Lexicon
Sentiment Lexicon
Sentiment analysis is an approach to text classification that assesses the degree of opinion or emotion in a given text, positive or negative, and is derived from consumer sentiment for a given product (Ignatow & Mihalcea, 2018). Sentiment analysis involves a type of artificial intelligence that iteratively teaches the computer to detect sentiment from the text (Ignatow & Mihalcea, 2018). Sentiment analyses are usually conducted by referencing a prebuilt, open-source library of sentiments (“sentiment lexicon”), which are textual collections of positive or negative sentiment (e.g., OpinionFinder). The sentiment score indicates how positive or negative the words comprising the narrative are. The higher the score, the greater the number of positive words making up the text.
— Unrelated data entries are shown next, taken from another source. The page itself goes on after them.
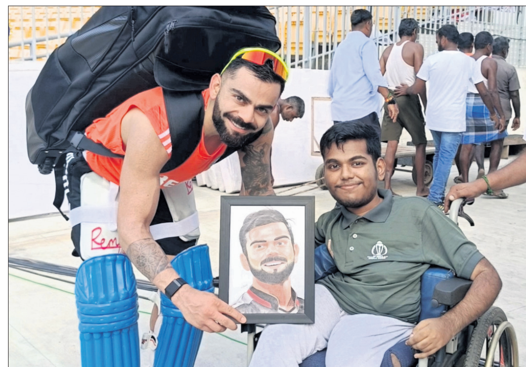
ଜଣେ ବିଦ୍ୟାର୍ଥୀଙ୍କୁ ପାଠ୍ୟପୁସ୍ତକ ଦେବା ପାଇଁ ଭାରତୀୟ ବିଶ୍ୱକପ ଶେଷରେ କୋହଲି।

୧୨: କପିଳ ଦେବ ୧୨: ସଚିନ ଚେନ୍ନାଇକର ଦ୍ରୁତ ୧୦୦୦ ରନ ଡେଭିଡ୍ ଓର୍ନର: ୧୯ ମ୍ୟାଚ* ସଚିନ ଚେନ୍ନାଇକର/ଏବି ଡିଭିଲିର୍ସ: ୨୦ ଭିକ୍ ରିଚାର୍ଡ୍/ସୌରଭ ଗାଙ୍ଗୁଲି: ୨୧ ମାର୍କ ଓ୍ଵ: ୨୨ ହର୍ଷେଲ ଗିର୍: ୨୨ ଅଷ୍ଟ୍ରେଲିୟଙ୍କ ସର୍ବାଧିକ ରନ ରିକି ପଂଟି: ୧୭୪୩ ଆତାମ ରିଲିକ୍ସ: ୧୦୮୫ ମାର୍କ ଓ୍ଵ: ୧୦୦୪ ଡେଭିଡ୍ ଓର୍ନର: ୧୦୦୧* ମାଥ୍ୟୁ ହେଡେନ-୯୮୭
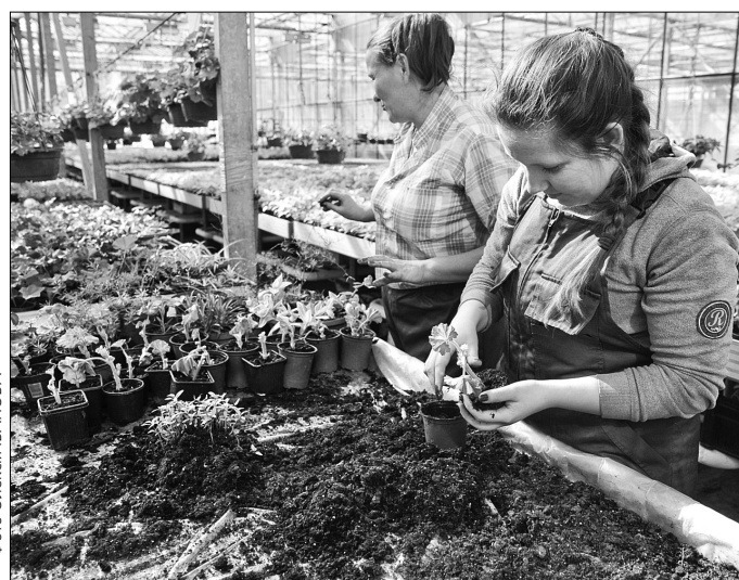
Печерські озеленювачі вирощують мільйон квітів за сезон: 600 тисяч однолітників і приблизно 400 тисяч багаторічників чи дворічників

"Перші квіти — це чорнобривці, петунії, агератум — будуть готові до висадки на клумби, як тільки минуть перші приморозки. Наші дівчата уже розпикували та розсадили рослини по окремих горщиках", —
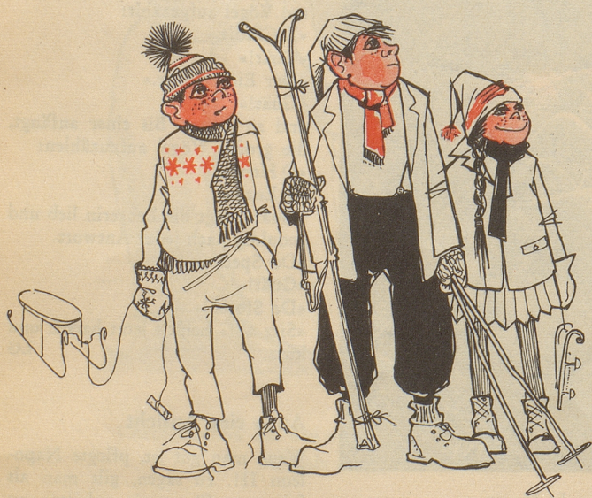
Die letzten drei Vollblut-Amateure
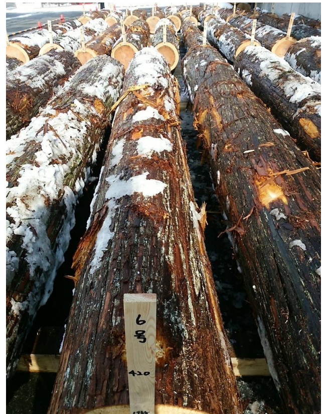
樹種: スギ 材長: 4.00 m 管理No. 6 径級: 42 cm 本数: 1 材積: 0.706 m 3
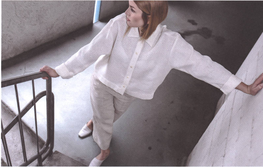
Sämtliche Teile der Myn-Kollektion «Etern» bestehen aus handgewebtem Flachs respektive Leinen.
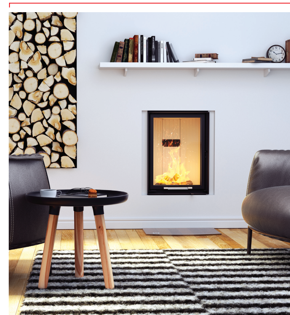
Wkład kominkowy ALBERO AL11 GV
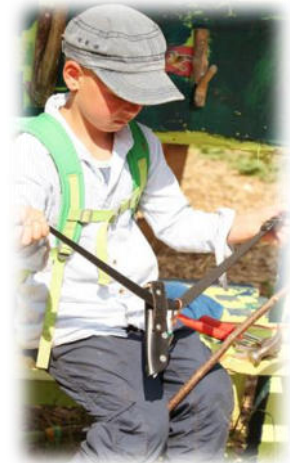
Abbildung 33: co.natur gGmbH Waldkindergarten Heimsheim
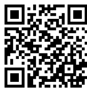
新型コロナウイルス感染症対策について
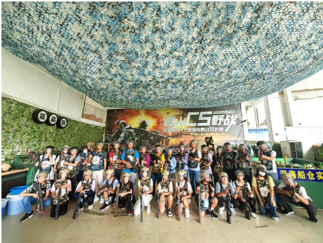
團員投入參與團隊建設活動
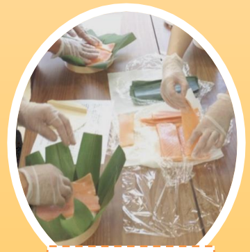
簡単ますのすし作り
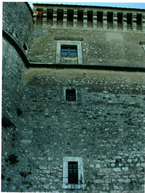
12. Castello di Alviano, particolare delle finestre.
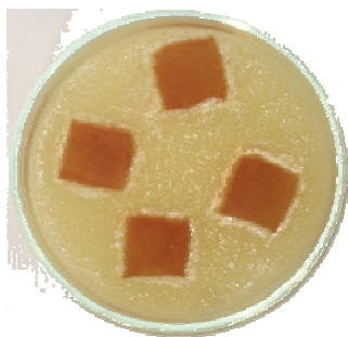
Рис. 4. Зразок, оброблений екстрактом лушпиння цибулі

Для зразків, оброблених екстрактами трави звіробою (рис. 2) та листків чаю (рис. 3), спостерігається зона затримки росту мікроорганізмів до 2 мм, що свідчить про їхню здатність проявляти антимікробну властивість незначною мірою.
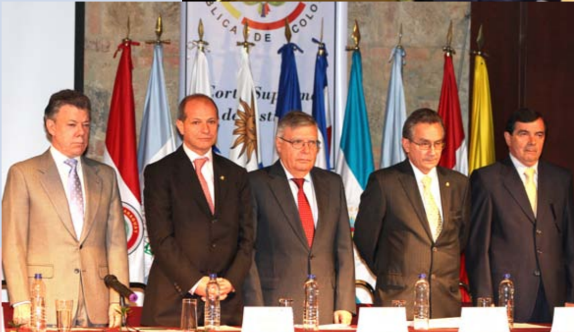
El presidente de Colombia, Juan Manuel Santos, en la sesión inaugural de este importante foro judicial Iberoamericano, celebrado en el Museo Nacional de Colombia, uno de los edificios más imponentes de Bogotá; antes fue la Penitenciaría Central de la capital del país.
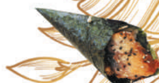
69.ANGUILLA anguilla, teriyaki, sesamo €3,50

*PESCE FRESCO MA CONGELATO SECONDO TERMINI DI LEGGE
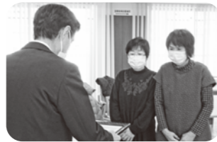
ゆうあい園保護者会
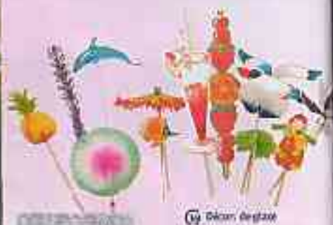
19 Décor d'entrée
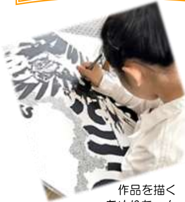
作品を描く あめりちゃん
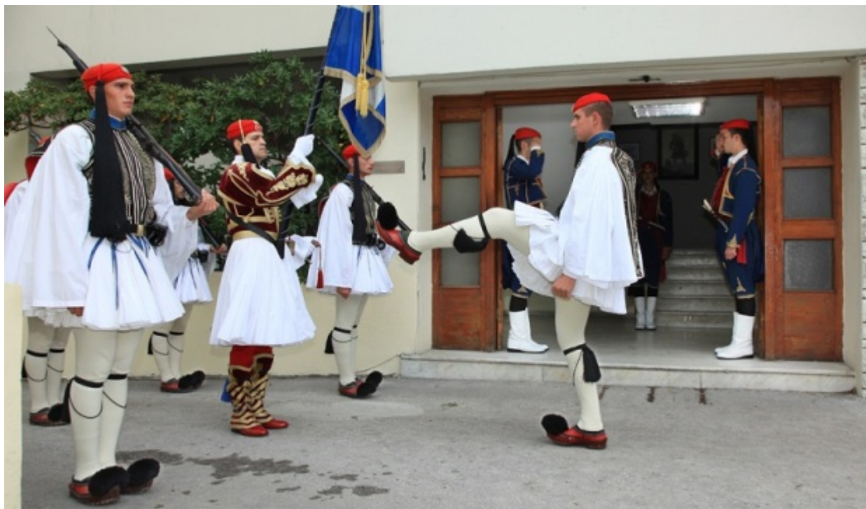
Κάθε Κυριακή πρωί οι Εύζωνες κάνουν παρέλαση έως τον Άγνωστο Στρατιώτη. Προτού ξεκινήσει η παρέλαση, μέσα στο στρατόπεδο γίνεται η παραλαβή της σημαίας με κάθε επισημότητα
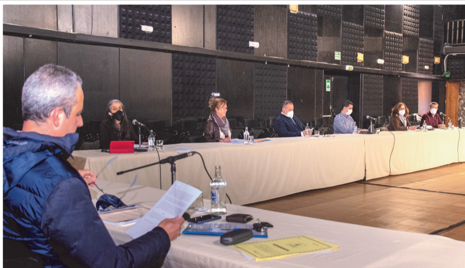
Imagen de un pleno municipal en el Centro Cultural de la Villa de Santa Brígida.

Algunas preguntas se nos ocurren para el alcalde y el responsable de deportes, sin esperanza de obtener respuestas, como ya es habitual. ¿Cómo va a acceder la ciudadanía no federada a estos equipamientos? ¿Qué usos se le va a dar, aparte de los entrenamientos de los clubes? ¿Cómo y quién los va
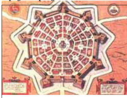
Карта Палманова и вид с воздуха.

форму звезды. Он был основан в 1593 году республикой Венецией для укрепления ее восточных границ от турецких и австрийских нашествий. Существовало три рода укреплений: первое и второе из них были построены Венецией, а третье – Наполеоном Бонапартом. Поэтому не только имя, которым был наречен Дэцио, но и сам город, где он был рожден, оказался «звездным». А для тех, кто увлекается астрологией, будет нелишним отметить, что по знаку зодиака этот человек был тельцом, а, как известно, телец – это знак силы, решительности и мужества. Все эти качества Дэцио неоднократно демонстрировал на протяжении своей жизни, в которой ему сопутствовала фортуна.
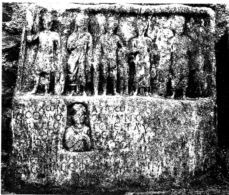
Εικ. 7. Επιτύμβια στήλη από τις Κάτω Κλεινές Φλωρίνης.
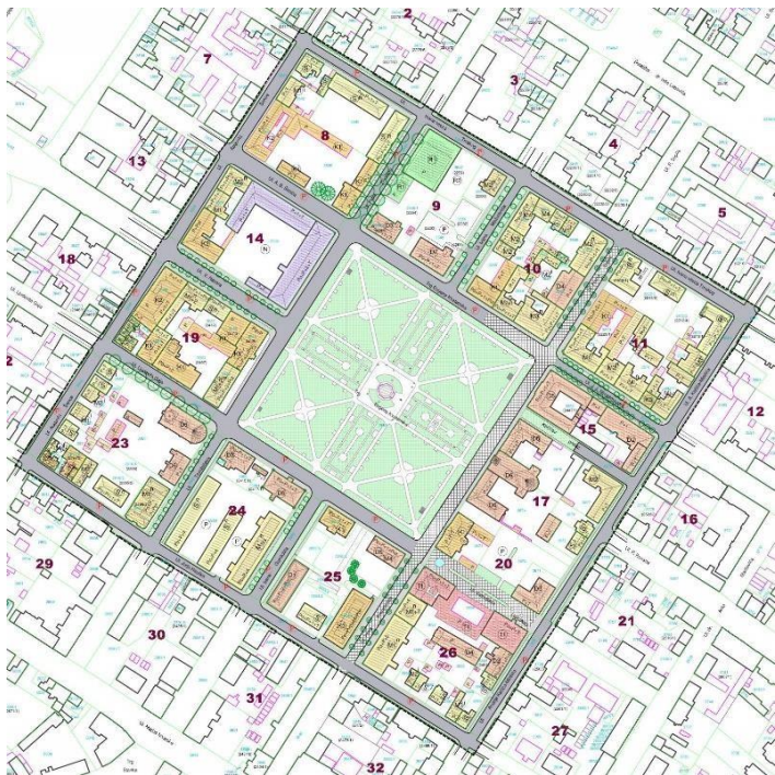
Sl.3. Urbanistički plan grada Bjelovara
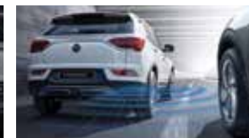
후측방 경고 BSW
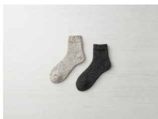
②起毛であったかルームソックス ショート丈 (AL-C502B)
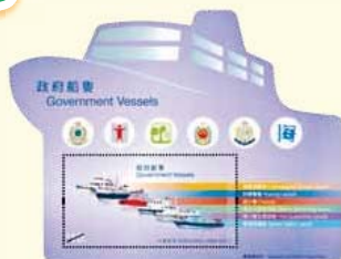
船形郵票小型張 A vessel-shaped stamp sheetlet

「精英號」於 2001 年投入服務，主要負責香港水域的滅火、搜救及潛水支援作業任務。「精英號」曾於 2010 年油麻地碼頭撲救一宗三級船火，並參與同年在東龍洲以北水域的內河運沙船搜救工作，以及 2013 年螺洲以西水域貨船沉沒事故的搜救工作。

Rule-based sentiment scoring and machine learning-based sentiment scoring are two commonly used methods in sentiment analysis. Given that we do not have training data for the machine learning method, and a machine learning-based sentiment tool trained on police reports does not exist, we apply the rule-based method. The rule-based method requires a dictionary or lexicon that defines the sentiment score on each word and with specific rules to handle negation and relationship in words such as adverbs (e.g., very happy is more positive than happy). We used the lexical-based approach to calculate the sentiment score for the entire report, the maximum sentiment score for the paragraph, and the maximum sentiment score for the paragraph (Baccianella et al., 2010).
The chart below links to an open-source, adaptable sentiment lexicon that shows a list of words and their iterations. This list was developed by our research team as a result of coding thousands of sexual assault police reports and observing examples of signaling language.
References:
Ignatow, G., & Mihalcea, R. (2018). An introduction to text mining: Research design, data collection, and analysis. SAGE Publications, Inc.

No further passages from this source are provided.